More than 290,000 accounts followed at least one of the pages and that about $11,000 had been spent on about 150 ads, Facebook said. The pages had created about 30 events since May 2017.

Facebook for months has been on the defensive about influence activity on its site and concerns over user privacy tied to longstanding agreements with developers that allowed them access to private user data.

DIVISIVE ISSUES

Facebook identified influence activity around at least two issues, including a counter-protest to a “Unite the Right II” rally set next week in Washington. The other was the #AbolishICE social media campaign aimed at the U.S. Immigration and Customs Enforcement agency.

In the blog post, Facebook said it was revealing the influence effort now in part because of the rally. A previous event last year in Charlottesville, South Carolina, led to violence by white supremacists.

Facebook said it would tell users who had expressed interest in the counter-protest what action it had taken and why.

Facebook officials on a call with reporters said that one known account from Russia’s Internet Research Agency was a co-administrator of one of the fake pages for seven minutes, but the company did not believe that was enough evidence to attribute the campaign to the Russian government.

The company previously had said 126 million Americans may have seen Russian-backed political content on Facebook over a two-year period, and that 16 million may have been exposed to Russian information on Instagram.

Adam Schiff, the top Democrat on the U.S. House of Representatives Intelligence Committee, in a statement urged Facebook to move against foreign groups trying to sway American voters and to warn legitimate users that such activity, as seen in 2016, is recurring this year.

“Today’s announcement from Facebook demonstrates what we’ve long feared: that malicious foreign actors bearing the hallmarks of previously-identified Russian influence campaigns continue to abuse and weaponize social media platforms to influence the U.S. electorate,” Schiff said.

Senate Intelligence Committee Chairman Richard Burr, a Republican, said in a statement there would be a hearing on Wednesday about the online threat to U.S. election security.

Burr said the goal of influence operations “is to sow discord, distrust, and division in an attempt to undermine public faith in our institutions and our political system. The Russians want a weak America.”

Washington imposed punitive sanctions on Russia following U.S. intelligence agency conclusions that Moscow interfered to undermine the 2016 U.S. elections, one of the reasons U.S.-Russian relations are at a post-Cold War low. Both U.S. President Donald Trump and Russian President Vladimir Putin have said, however, that they want to improve ties between the two nuclear powers.

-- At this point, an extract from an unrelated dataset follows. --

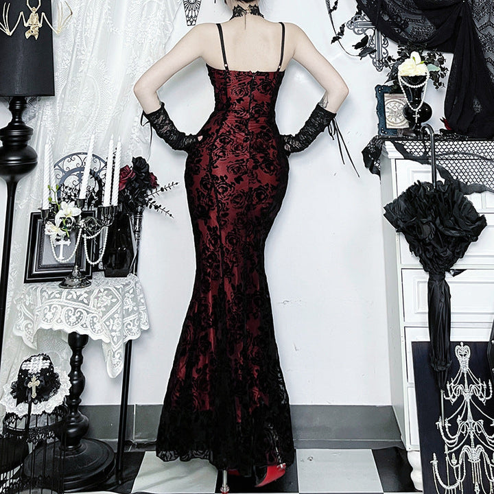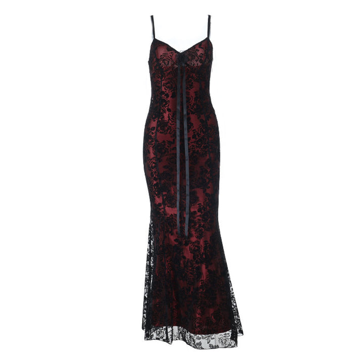 V neck flower applique lace cami maxi dress

Facebook disclosed in September that Russians under fake names had used the social network to try to influence U.S. voters in the months before and after the 2016 election, writing about divisive issues, setting up events and buying ads.

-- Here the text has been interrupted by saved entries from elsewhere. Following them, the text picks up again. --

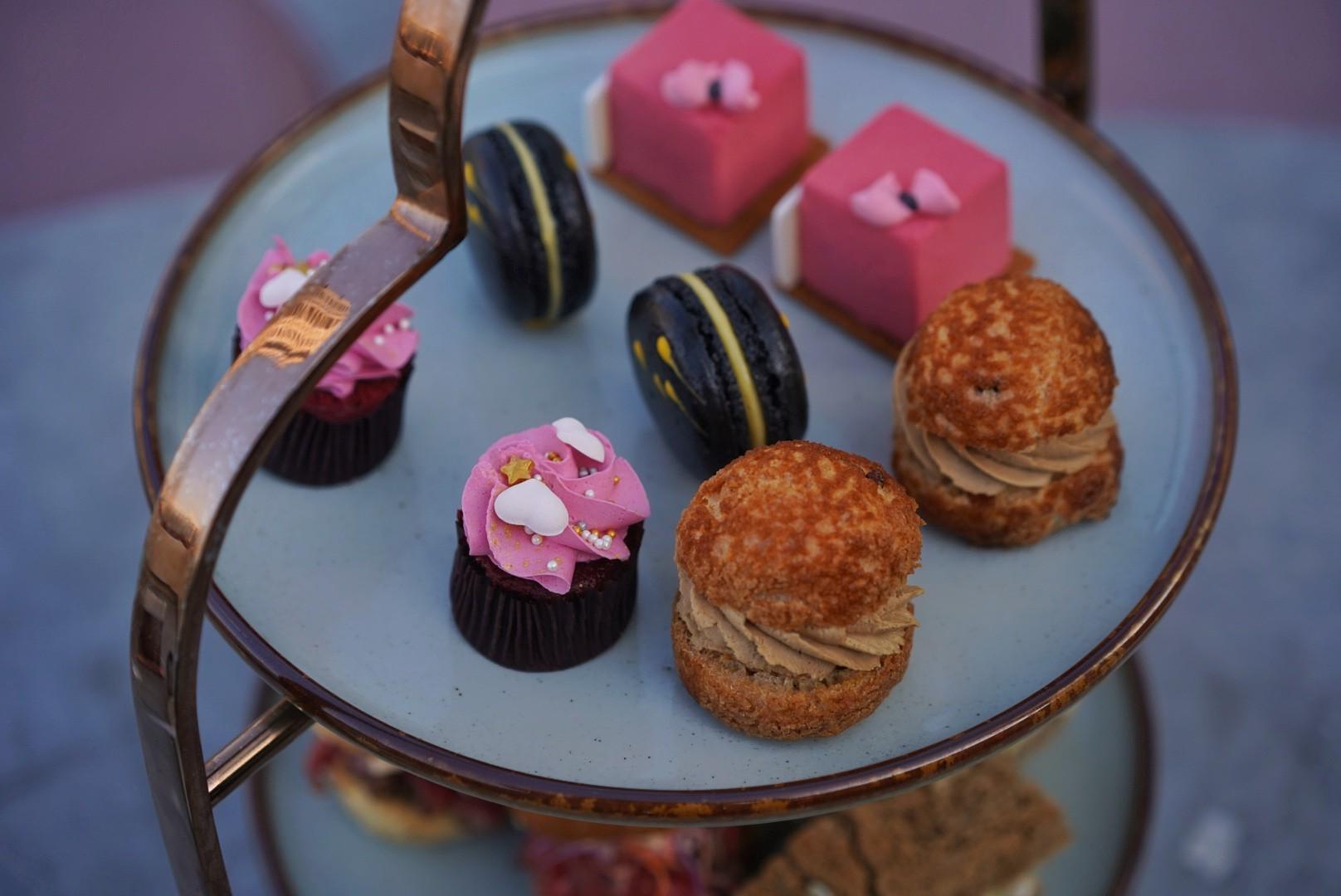 No afternoon tea set is complete without a little sugar, and that demand is met with Pink Rose Cupcakes – red velvet cupcakes decorated with rose petal icing and lime marshmallows – as well as Chocolate French Puffs, piped with espresso mousse and caramel-like dulce de leche.
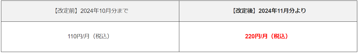 提供元であるJCOM株式会社の料金改定に伴い、2024年11月発行分より下記のとおり改定させていただきます。
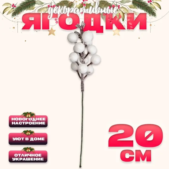 Ягоды для декора, белого цвета, 4,5 × 4,5 × 20 см
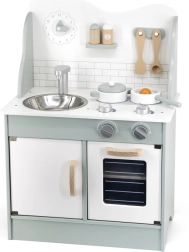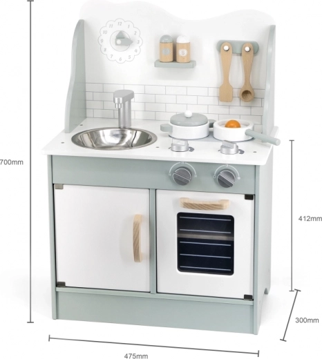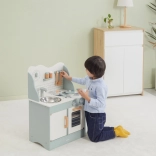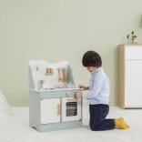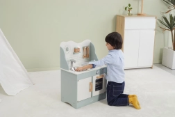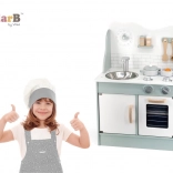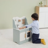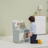 Otroška lesena kuhinjica je opremljena s koritom, pečico in štedilnikom za avtentično kuhanje.
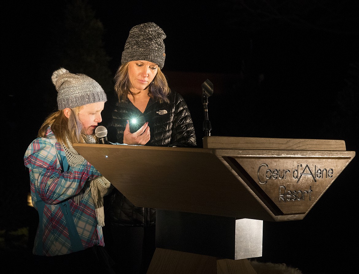 COEUR d'ALENE — Hailie Velasco stepped to a lectern set up near The Coeur d’Alene Resort clock tower the night of Nov. 17 and proceeded to start a group countdown.
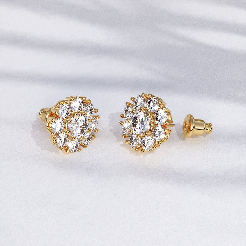 The Filigree Zircon Gold Stud Earrings are simple but elegant. Crafted with zirconia crystals and 18ct Gold Layered copper, they are the perfect accessory for any outfit. Wear them with a white tee and skinny jeans for a casual weekend look, or dress up with a fitted dress and heels for an evening out.
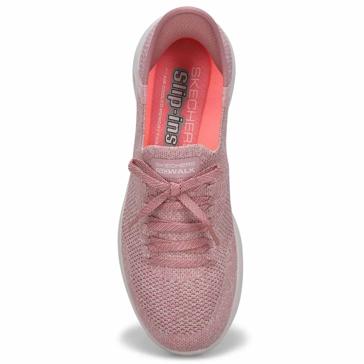 Step up your routine with easygoing comfort wearing the Slip-ins: Go Walk Joy Plush sneakers from Skechers. Designed with Skechers exclusive Heel Pillow whick helps hold your foot securely in place, this fixed laced slip-on style features an engineered mesh upper with a cushioned Skechers Air-Cooled Memory Foam insole and lightweight 5-GEN cushioning.
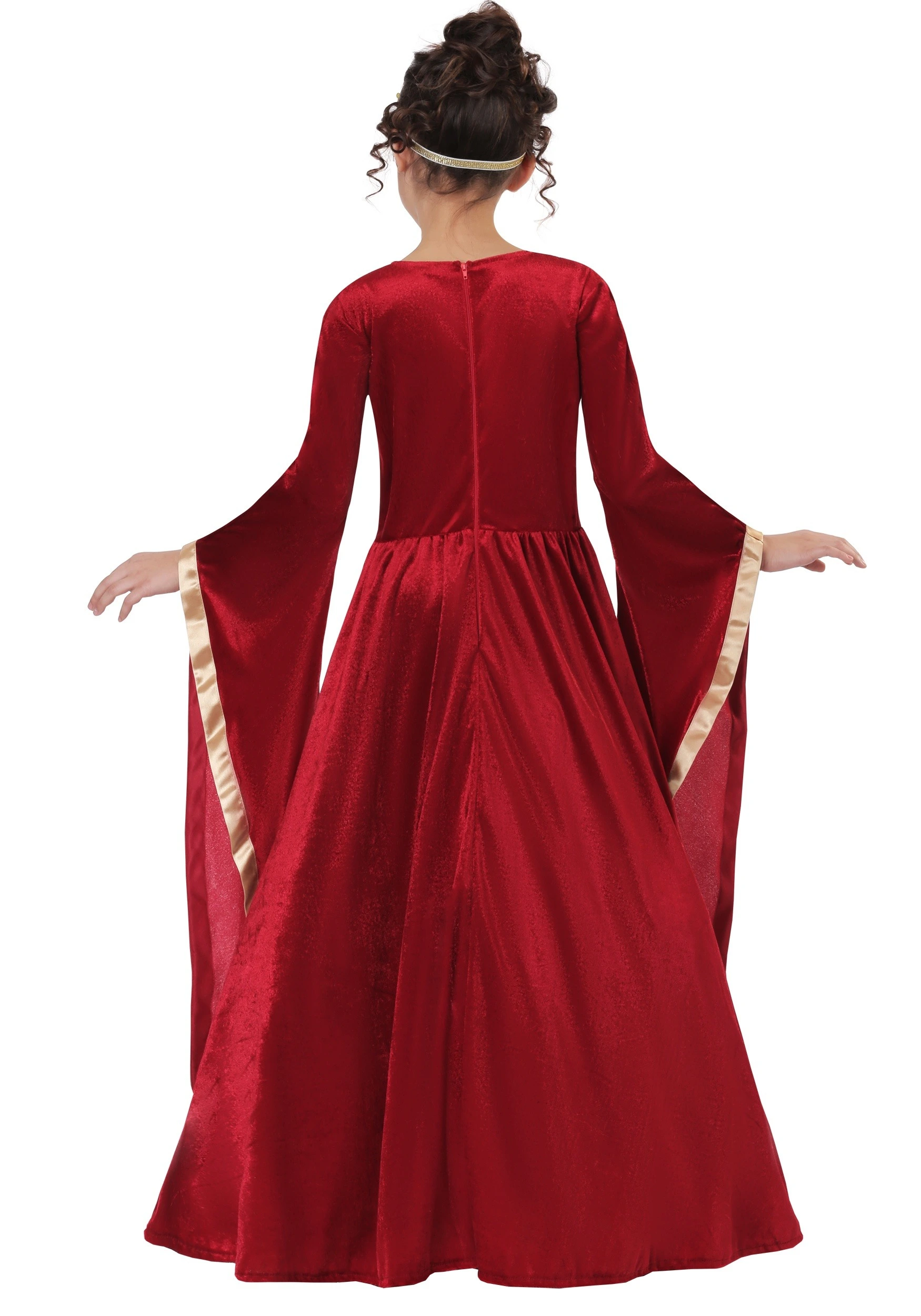 Fortunately, with all the fun of old world acts, you still won’t have to worry too much about being in style. Our team of designers practically live at the Renaissance Festival and have this exclusive Maiden Costume that will have your kid feeling like a true to life fairy princess. This maroon dress is full-length and features a velvet overdress with brocade inset, oversized sleeves and golden trim at an empire waist. The golden crown brings this from a lovely look to an exquisite medieval marvel or royal Renaissance wear!

U.S. intelligence agencies said Russian state operators ran the campaign combining fake social media posts and hacking into Democratic Party networks, eventually becoming an effort to help Republican candidate Trump, who scored a surprise victory over Democrat Hillary Clinton.

Over the past several months, the company has taken steps meant to reassure U.S. and European lawmakers that further regulation is unnecessary. Chief Executive Officer Mark Zuckerberg says the company has 20,000 people working to police and protect the site.

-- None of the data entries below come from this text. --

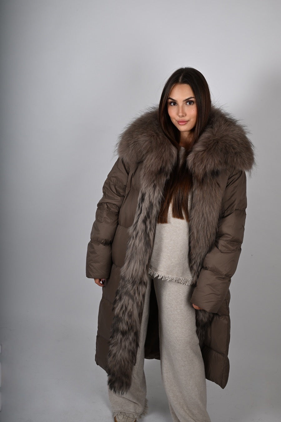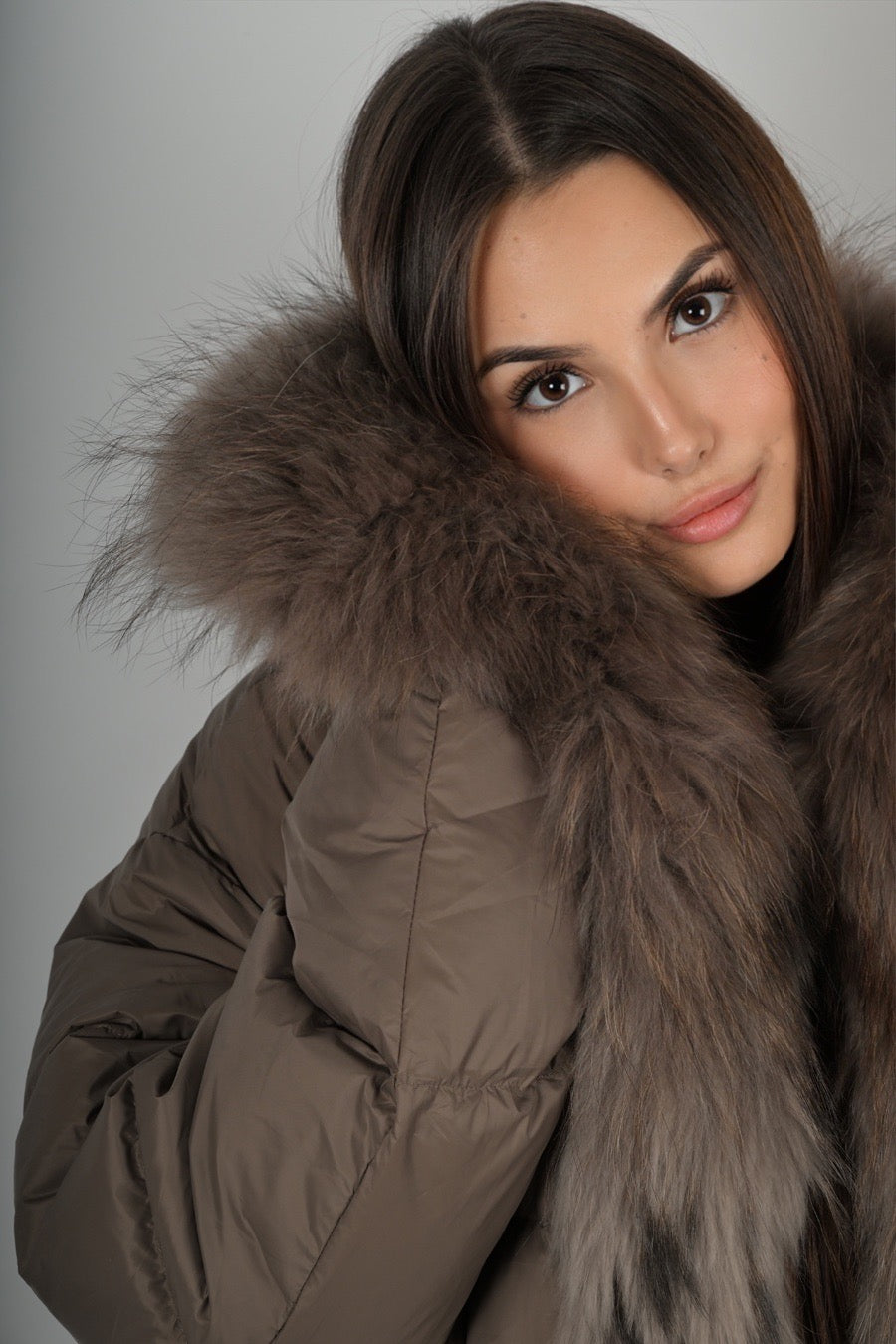 Piumino lungo imbottito con inserti, manica a polsino e applicazioni estraibili in pelliccia.
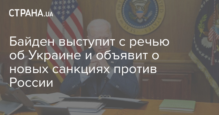 Президент США Джо Байден сегодня вечером выступит в Белом доме с речью, посвященной ситуации вокруг России и Украины. При этом он объявит о санкциях в ответ на "развертывание войск РФ" в "ЛДНР", информацию о котором Москва уже опровергла
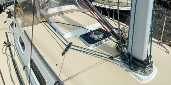 So we will either be moving all reefing lines and the main halyard to the mast, or figuring a way to do it all from the cockpit. I suspect the latter since it’s much more practical on smaller boats, with lower loads, than on large ones like our McCurdy and Rhodes where we did all reefing at the mast.
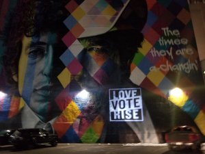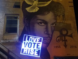 A quick pic at the Prince mural on 26th and Hennepin in Uptown. Painted by local artists, Rock “Cyfi” Martinez, painted to help Minneapolis get its mojo back after the death of Prince. Seems like we could use a few more murals now – or better yet, we could use some votes to effect change!
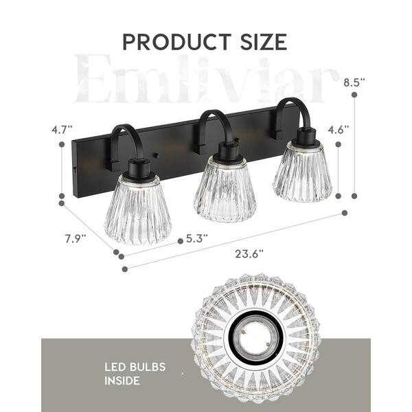 23 in. 3 Light Black LED Vanity Light with Fluted Ripple Glass
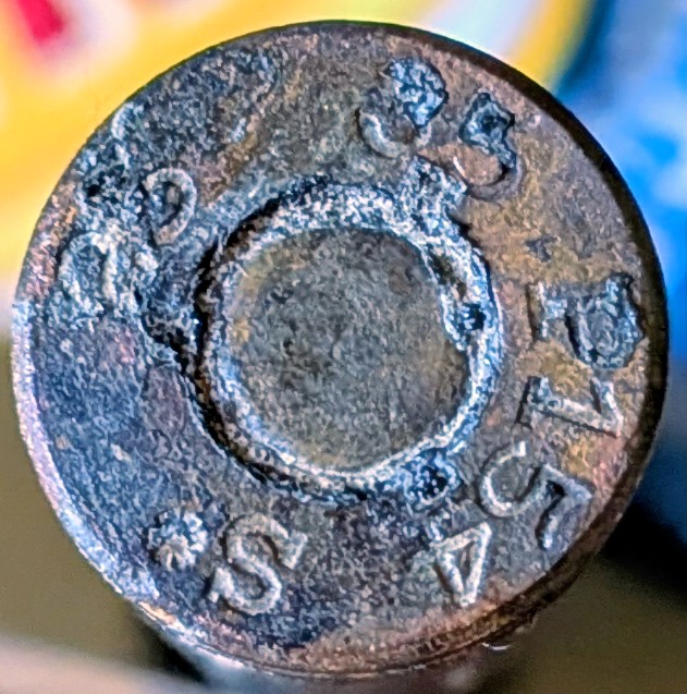 This is my haul. A WWII ammunition cartridge! It’s a German 1935 Mauser round, potentially live, as the bullet is not spent, but it’s so corroded it’s surely fine. Still, I’m a bit nervous to go at it too aggressively with the old Brasso, so have contacted the police offering to send them photos to ask for their advice. I have no idea why there’s German ammo at Hammersmith, but this is what the serial code says… (and this is where a story is suggested).
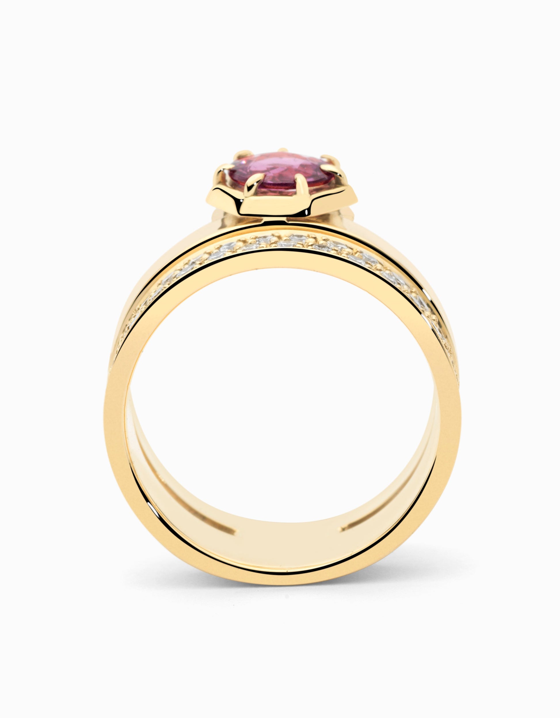 Jordi Rosich, joier i dissenyador de Roosik & Co, ha creat aquest anell d'or groc coronat per un safir rosa natural de 0,58ct d'increïble bellesa. La gemma està subjectada per una montura creada a mida de la talla d'aquest safir, per això mai trobaràs dues joies de la col·lecció "Unrepeatable" de Roosik Gallery iguals. La part inferior és gairebé tan espectacular com la superior gràcies als diamants naturals de triple excel·lència que ressegueixen l'anell en una doble aliança i que aconsegueixen fer brillar la joia tot aportant-li el toc adequat de sofisticació i exclusivitat. Aquest anell d'or groc i diamants és una de les peces reines de la nostra Col·lecció.

Costs associated with that effort are part of the reason Facebook said last week that it expects its profit margins to decline, a warning that sent shares tumbling about 25 percent, the biggest one-day loss of market cap in U.S. stock market history. Shares of Facebook were up about 1.5 percent in Tuesday’s midafternoon trading, part of a broader tech rebound.

(Joseph Menn and Paresh Dave in San Francisco; additional reporting by Munsif Vengattil in Bengaluru, Kevin Drawbaugh in Washington; writing by Peter Henderson; Editing by Saumyadeb Chakrabarty and Grant McCool)

North Korea likely to pursue talks, South says in rosy New Year forecast

South Korean soldiers patrol along a barbed-wire fence near the militarized zone separating the two Koreas, in Paju, South Korea, December 21, 2017

By Haejin Choi

SEOUL (Reuters) – South Korea predicted on Tuesday that North Korea would look to open negotiations with the United States next year in an optimistic outlook for 2018, even as Seoul set up a specialized military team to confront nuclear threats from the North.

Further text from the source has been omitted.